From Alexandria, With Love

Author's Note: This is really the first attempt I've had at writing a Final Fantasy IX fanfic. I hope it's up to par with the rest of what's read here. As always I own nothing, especially everything that's rightfully entitled to the creators of FFIX and Squaresoft. The only thing that's mine is the love I have for this magnificent game and as of now, Cheios, Patrick, and Aylen.

Chapter One

The musty air was a complete given, and she would've been surprised to find the rickety little tavern in any other condition – especially at this hour at night. She jumped a bit when the rotting wood began to crumple beneath the door handle; a surprise she should've expected. 'Maybe I'm just not cut out to do this.' The shivering hinges that allowed the door to hang sloppily in its frame creaked with disapproval as she opened it further. It was like peering into the home of the foul and the utterly hopeless; the faces were unblinking, and all that moved was the occasional sloshing of froth in the bottom of a mug, a signal to the waitress that one had not finished sinking themselves into bleak desolation. Judging the appearance of what seemed to be the only woman working, she must've been there for hours.

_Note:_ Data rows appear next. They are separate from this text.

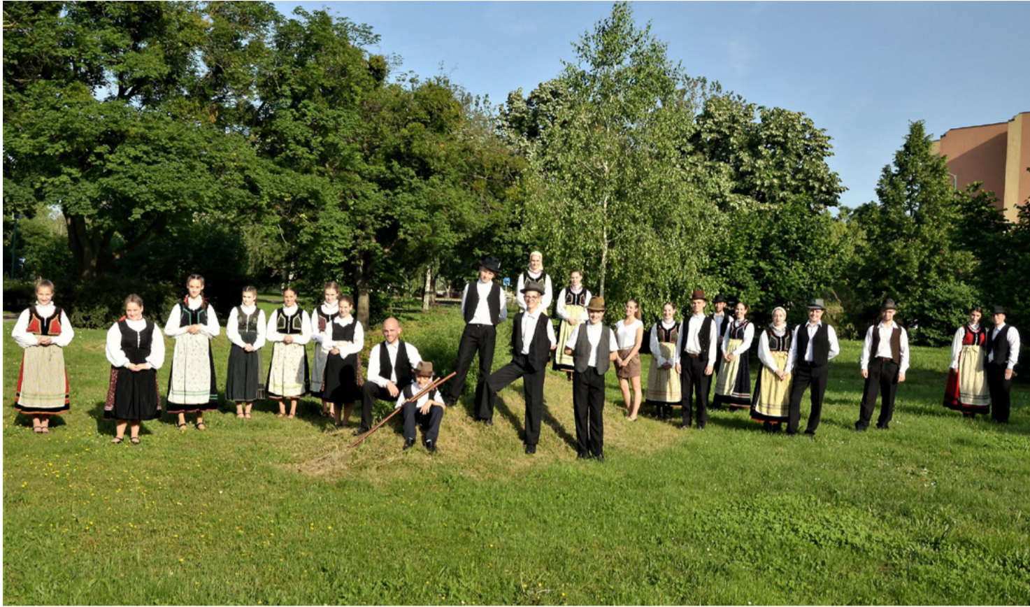
Az APTE táncosainak tudását a szakmai zsűri is elismerte
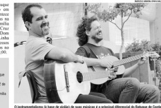
O instrumento é a base de tudo e o principal diferencial do Bataque de Cordas

SERVIÇO: O Bataque de Cordas apresenta suas músicas nessa quinta-feira, 22 de junho na EFASC. O grupo é formado por músicos locais e tem como principal diferencial o fato de serem todos músicos que atuam em Santa Cruz do Sul. O grupo foi formado há sete anos e atua em Santa Cruz do Sul e em outros municípios da região.
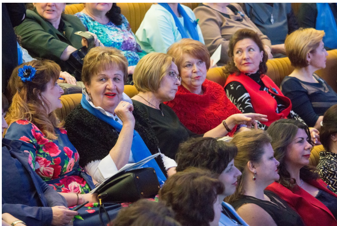
На церемонии собрались представительницы самой массовой в стране женской организации – ОО «Белорусский союз женщин». Он объединяет более 183 тыс. участниц. Мам, сестер, дочерей – всех тех, кто дарит жизнь, несет гармонию и красоту, создает уют и заботится о ближних.
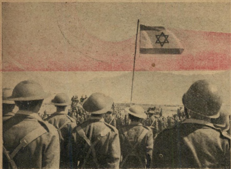
הרגל מונף במסקר צבאי באילת, ביום השנה לשחרורה.
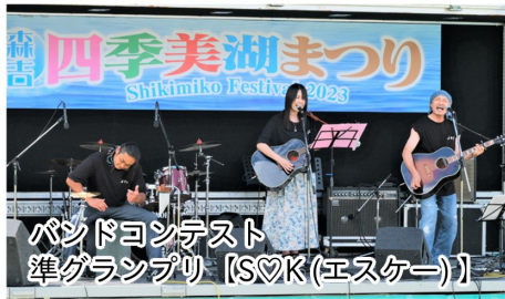
バンドコンテスト 準グランプリ 【S♡K(エスケー)】
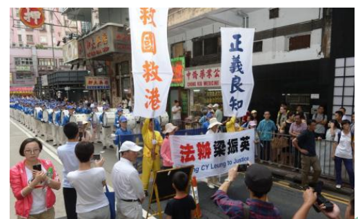
10月1日，香港法轮功学员举行“正义良知 解体中共”集会游行
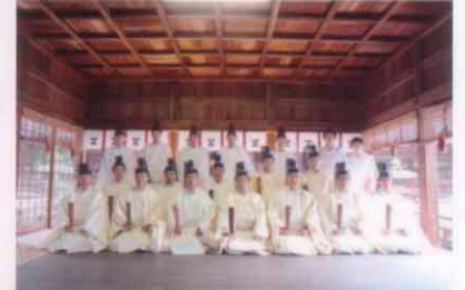
明治維新150年祭齋行 日時：4月6日 場所：野田神社

Dagger slipped through the tavern easily enough. She'd assumed before she'd left that she'd fit right in, cleverly donning a tattered black cloak with an oversized hood. Next to the young man, hardly old enough to be twenty, however, she'd blended in about as well as a zebra would in a gaggle of geese. She momentarily feared for her secrecy, not wanting to be recognized, but it turned to be a fleeting notion. The troll-like people occupying the tables were either too drunk to notice her or they were too accustomed to making contact with mysterious, masked strangers. Dagger naturally assumed both, considering just where in Alexandria the bar was located. If the moon's shadow's cast this place in a natural, impenetrable darkness, then it could just as easily cast a shadow on a man's conscious. She didn't doubt that the misdoings that happened here were often unforgivable.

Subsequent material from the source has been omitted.